The medium support mechanism 30 includes the table 31, and a height movement mechanism 32. The table 31 includes a rectangular flat plate, and four table leg portions 31n disposed at four corners of the flat plate, respectively, and an upper surface of the flat plate is the medium support portion 31m described above.

The height movement mechanism 32 includes a lifting/lowering motor 33, a lifting/lowering belt 37, and a lifting/lowering mechanism 39, and moves the medium support portion 31m in a direction along the Z-axis. The lifting/lowering mechanism 39 is provided at each of the four table leg portions 31n. The lifting/lowering mechanism 39 includes a ball screw, a nut that is screwed into the ball screw, and a pulley, that are disposed along the Z-axis. The ball screw of the lifting/lowering mechanism 39 is rotatably supported by the base portion 11. The nut of the lifting/lowering mechanism 39 is fixed to the table leg portion 31n. The pulley of the lifting/lowering mechanism 39 is fixed to a top of the ball screw. When the pulley of the lifting/lowering mechanism 39 rotates, the ball screw rotates, and the table leg portion 31n moves along the Z-axis together with the nut in association with the rotation of the ball screw.

The lifting/lowering motor 33 is a motor that rotates according to control of a control unit 90 described later. The control unit 90 controls a rotation direction and an amount of rotation of the lifting/lowering motor 33. The lifting/lowering belt 37 is an annular belt that is wound around an output shaft of the lifting/lowering motor 33 and the pulleys of the respective four lifting/lowering mechanisms 39. The lifting/lowering motor 37 is driven to circulate by the lifting/lowering motor 33 rotating. The lifting/lowering belt 37 transmits the rotation of the lifting/lowering motor 33 to the pulleys of the respective four lifting/lowering mechanisms 39. Accordingly, the ball screw of the lifting/lowering mechanism 39 rotates, and moves the table 31 along the Z-axis.

The rotation direction of the lifting/lowering motor 33 can be switched between a positive direction in which the table 31 is moved upward, and a reverse direction in which the table 31 is moved downward. The recording device 1 lifts and lowers the table 31 by operating the lifting/lowering motor 33.

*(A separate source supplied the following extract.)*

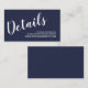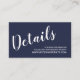 Marinho de Script Moderno Blue Wedding Invitation Suite : Cartão de Site de Casamento com título em letra branca de script moderno com detalhes na fonte sans serif moderna em fundo azul marinho.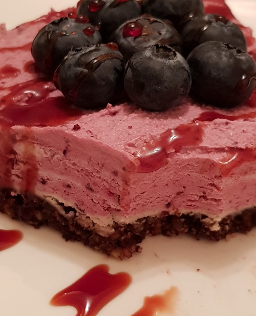Se acoperă tava cu o folie alimentară și se pune în congelator pentru minim 2 ore. Înainte de feliere se scoate cu 30 de minute din congelator. Se decorează cu fructe proaspete. Eu am ales afinele pentru decor și un sos de curmale bio. Se păstrează până la o lună în congelator, dacă rezistați atât timp. Un desert delicios și sănătos 😋

The drive mechanism 50 includes a first guide shaft 51a, a second guide shaft 51b, and a frame drive unit 60. The first guide shaft 51a and the second guide shaft 51b are hung on the pair of base portions 11 and disposed along the Y-axis. The first guide shaft 51a is fixed to an end portion on a left side of each of the base portions 11, and the second guide shaft 51b is fixed to an end portion on a right side of each of the base portions 11.

The movement unit 70 includes a main frame 71, a first leg portion 73a, a second leg portion 73b, and a recording unit 80.

The main frame 71 is a plate member elongated in a direction along the X-axis. A size in the left-right direction of the main frame 71 is greater than that of the base portion 11. The first leg portion 73a fits into the first guide shaft 51a, and is movable along the first guide shaft 51a. The second leg portion 73b fits into the second guide shaft 51b, and is movable along the second guide shaft 51b. The main frame 71 is fixed over the first leg portion 73a, and the second leg portion 73b, and is supported from below by the first leg portion 73a and the second leg portion 73b. The first leg portion 73a is located at a left end portion of the main frame 71, and the second leg portion 73b is located at a right end portion of the main frame 71. The main frame 71 is guided, together with the first leg portion 73a and the second leg portion 73b, by the first guide shaft 51a and the second guide shaft 51b, and moves along the Y-axis.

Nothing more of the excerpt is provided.